A new study published in The Journal of Sex Research concludes that the sooner a couple starts having sex, the lower the quality of their relationship. And not surprisingly, media outlets are quick to pick up these findings and publish headlines along the lines of “First-Date Sex May Harm Couples. or “How Leaping into Bed Harms Relationships

This study, conducted by researchers at the School of Family Life at Brigham Young University (your BS meter should be on high alert at this point)* asked participants in an online survey about when they started having sex with their partner and completed several measures of relationship functioning (e.g., satisfaction, communication). Participants were then lumped into one of four groups based upon timing of first sex: Predating Sex (hooking-up before becoming a couple; 9.9%), Early Sex (sex on the first date or two; 35.5%), Delayed Sex (sex after a few weeks; 47.9%), and No Sex (couples who were still abstaining; 6.6%). Results revealed that people who waited longer to have sex scored the highest on all measures of relationship quality. Based upon these findings, the authors concluded that dating couples who have sex therefore have “poorer” outcomes than couples who abstain and that timing of sex represents an important “turning point” in the relationship.

But is this really the case? 

What every single media failed to report was that the average levels of satisfaction, communication, and commitment were high for both men and women no matter when they started having sex. For instance, looking at relationship satisfaction, which was rated on a scale ranging from 0 to 12 in this study, the midpoint for this scale was 6, which means that anything above that represents satisfaction and anything below that represents dissatisfaction.

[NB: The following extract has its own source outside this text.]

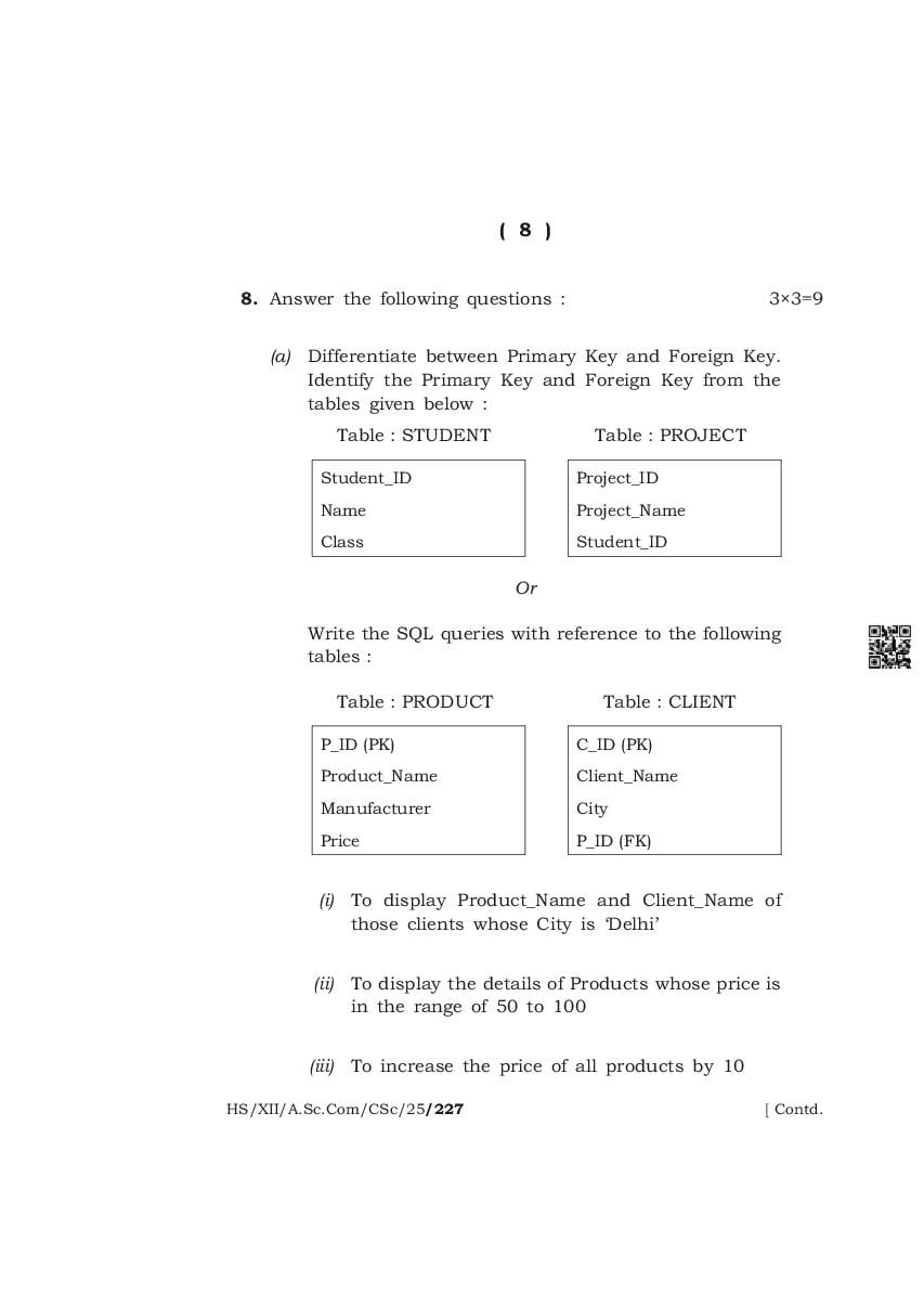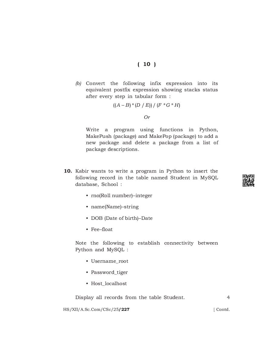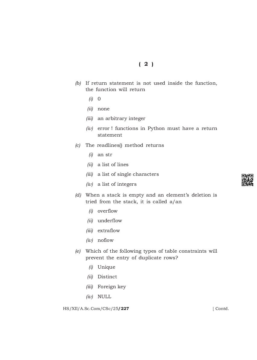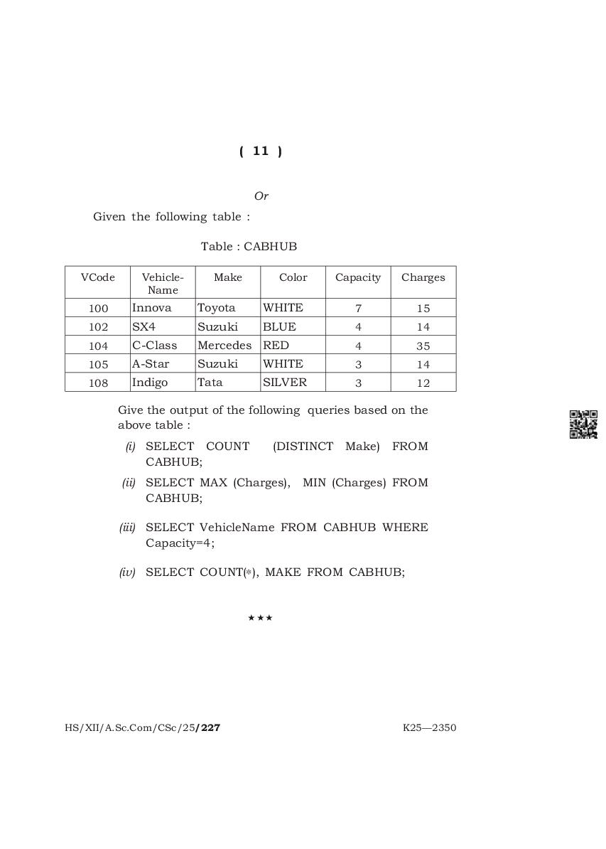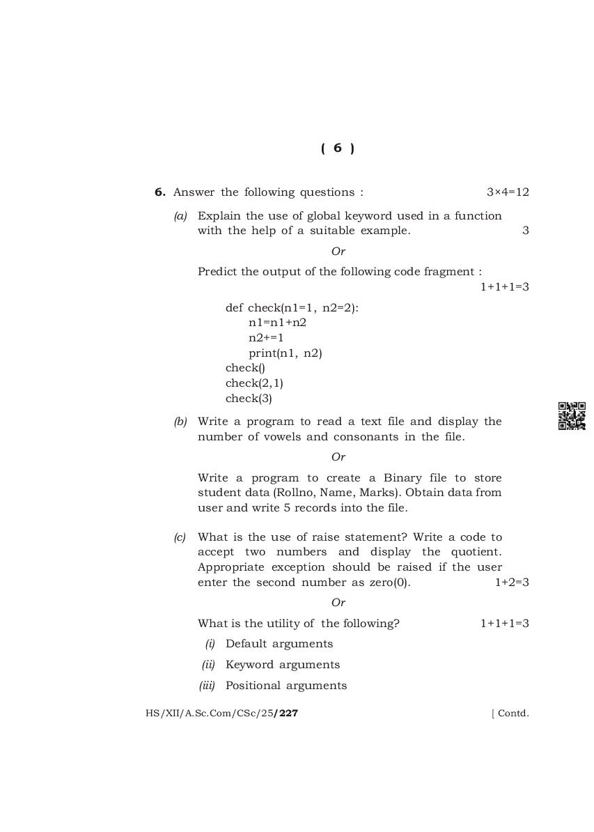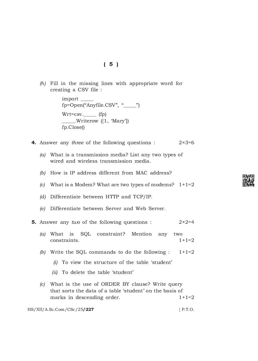 The complete class 12 question paper for Computer Science subject is as follows.

For women, those who had sex in the first month had a satisfaction score of 7.9, while those who waited six or more months had a score of 8.5. For men, the numbers were 8.2 and 8.5, respectively. Thus, average levels of satisfaction were high for all groups. 

So where is the “harm” and all of the “unhappy” couples? There aren’t any, at least in this study. Indeed, the people in the survey who delayed sex in their relationship were happier, but that does not mean people who had sex sooner were unhappy. This study simply does not provide any evidence that abstaining from sex is a better recipe for success than having sex whenever you and your partner feel most comfortable.

Will jumping into bed sooner truly hurt your chances at a lifetime of happiness? No. Just do it when you’re both comfortable.

*If you didn’t already know, Brigham Young University is a Mormon-controlled university. Mormons aren’t allowed to have sex before marriage so it’s no surprise that studies like this support their irrational doctrine through more legitimate and scientifically accepted methods. Unfortunately for them, I could sense their bias from a mile away.


Willoughby, B. J., Carroll, J. S., & Busby, D. M. Differing relationship outcomes when sex happens before, on, or after first dates. The Journal of Sex Research (2012)

Sassler, S., Addo, F. R., & Lichter, D. T. “The tempo of sexual activity and later relationship quality,” Journal of Marriage and Family (2012)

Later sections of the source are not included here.